Data records
== == ==

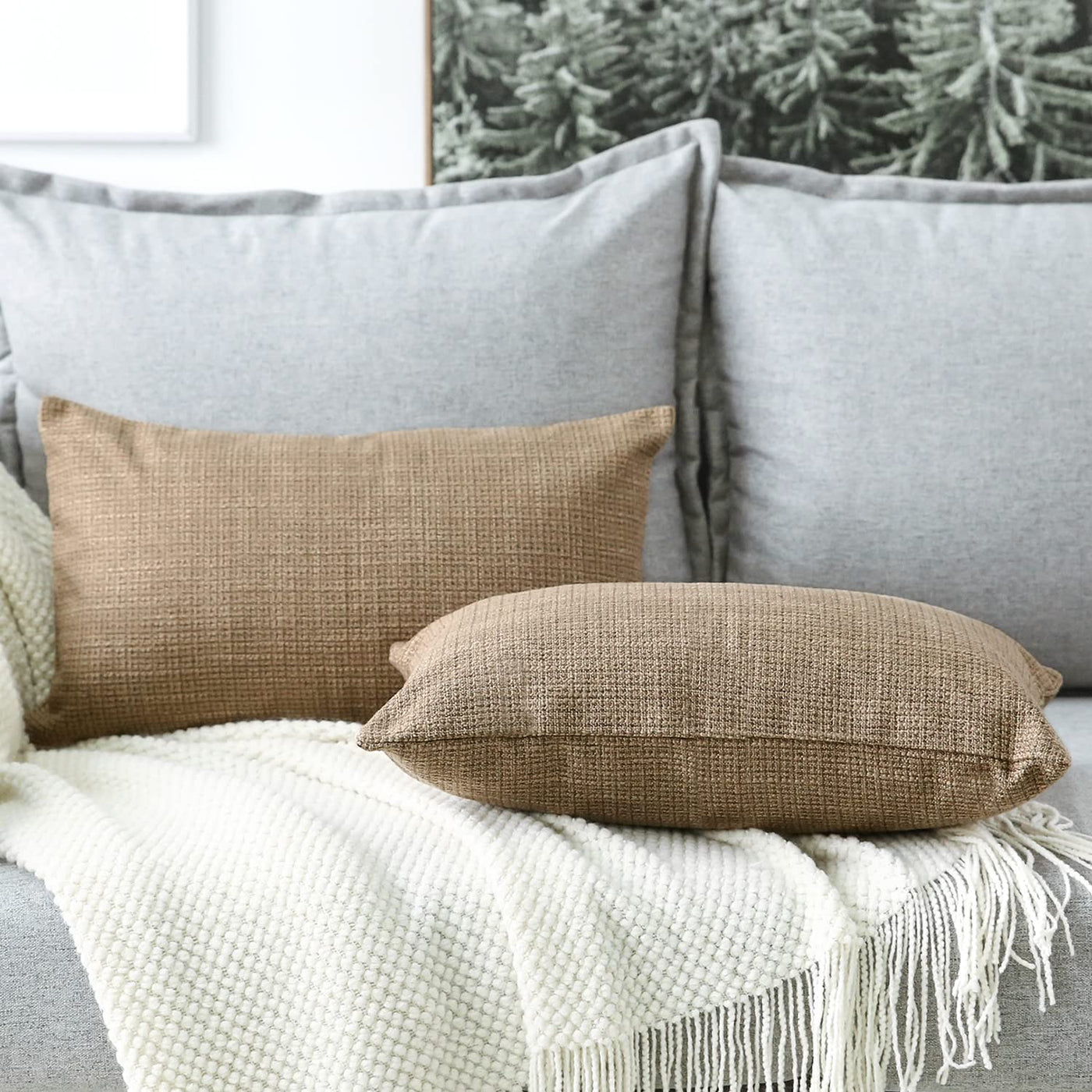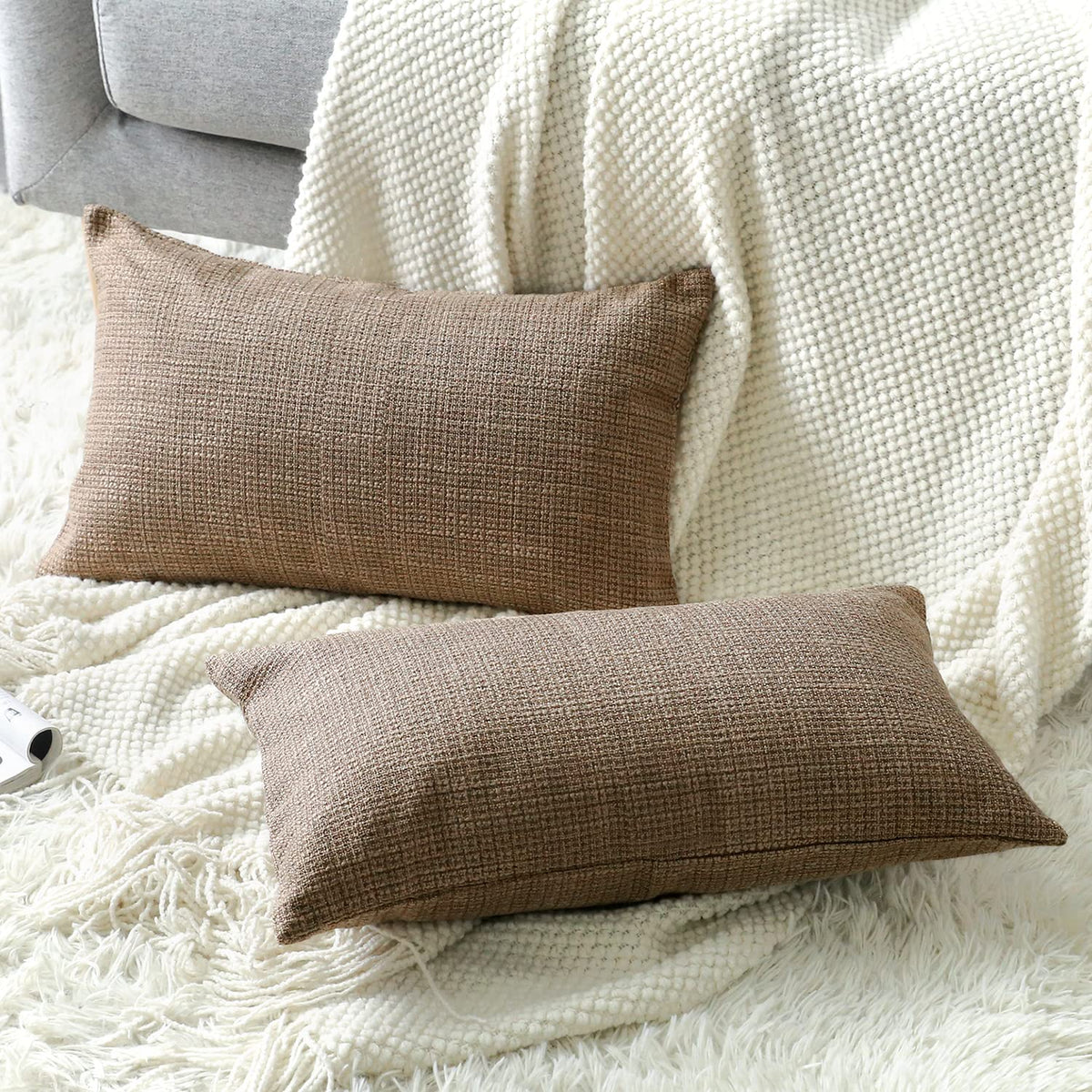 Otostar Linen Throw Pillow Covers Set Of 2 Decorative Square Pillowcases Cushion Covers 12X20 Inch For Home Decor Sofa Bedroom Car 30 X 50Cm Coffee Brown
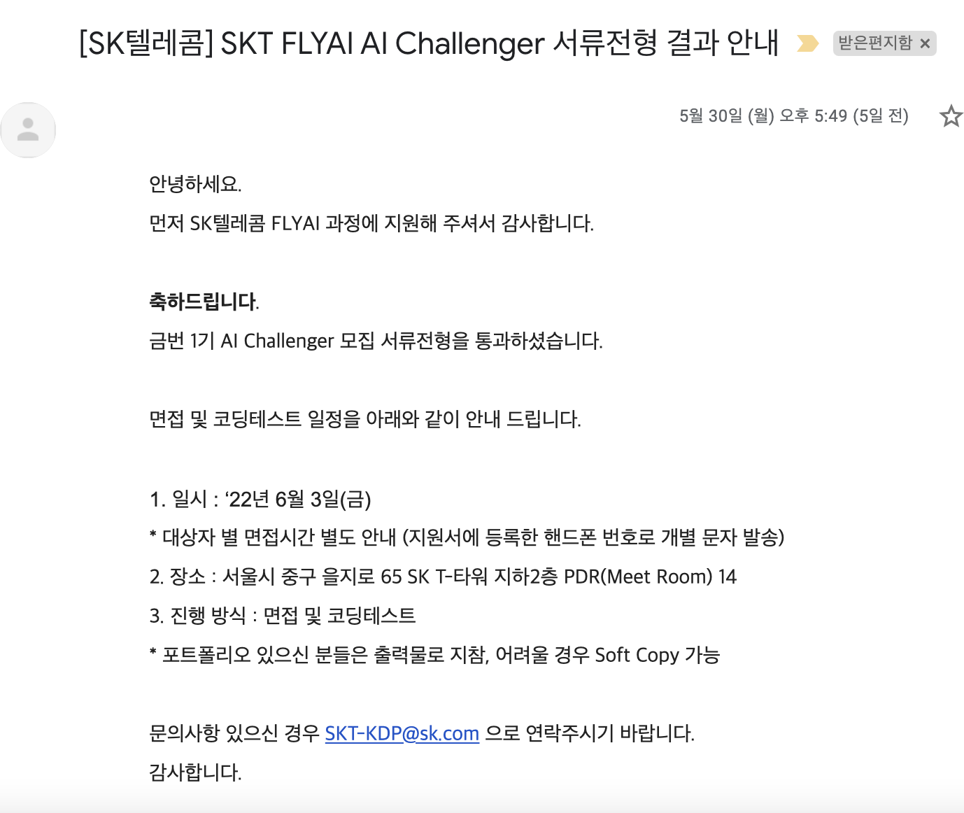 다행히도 서류전형을 합격하였습니다! 서류 마감 후 일주일도 안되어 결과가 나왔고, 면접 또한 메일을 받은 지 5일 뒤에 면접이라니...
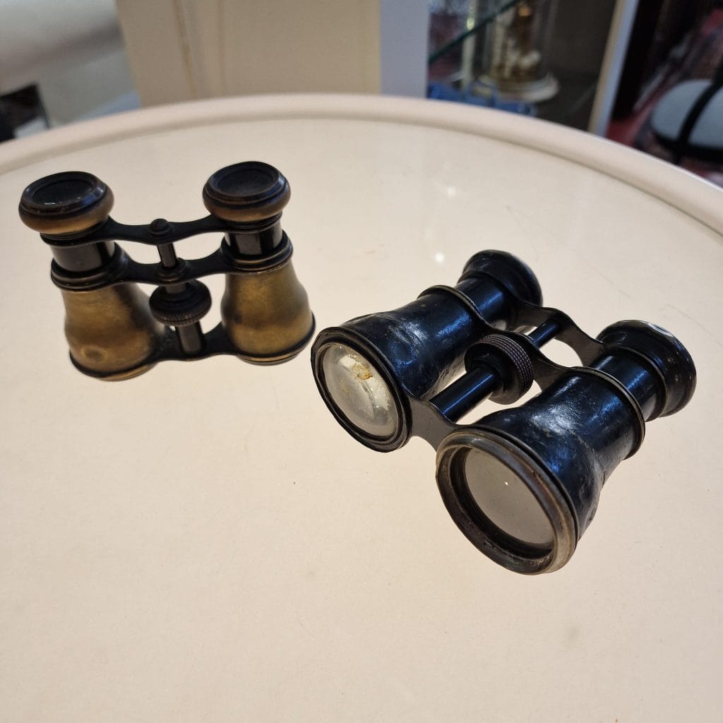 vecchio binocolo in ottone verniciato nero con segni del tempo
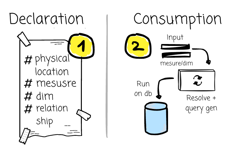 Consumption: Users navigate and select the desired metrics and dimensions exposed by the semantic layer (with more user-friendly names). The input is then converted into an SQL query that leverages the information from the Declaration stage.
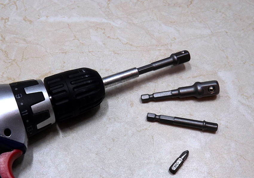 Есть модели с шестигранным отверстием, благодаря которому приспособление не соскальзывает с шурупа.
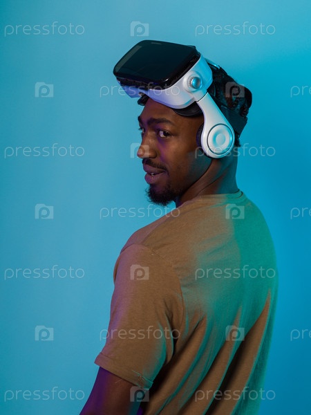 В футуристическом изображении афроамериканец стоит изолированно на ярком синем фоне, украшенный очками виртуальной реальности, которые переносят его в передовую виртуальную реальность, объединяя технологии и инновации на современном дисплее

== == ==

> **WORK TO BE COMPLETED**: Word for word, restate the lines above from the one with "Consumption: Users navigate" through the one with "Есть модели с", keeping both ends and dropping the pictures.

> **REPLY**:
 Consumption: Users navigate and select the desired metrics and dimensions exposed by the semantic layer (with more user-friendly names). The input is then converted into an SQL query that leverages the information from the Declaration stage.
 Есть модели с шестигранным отверстием, благодаря которому приспособление не соскальзывает с шурупа.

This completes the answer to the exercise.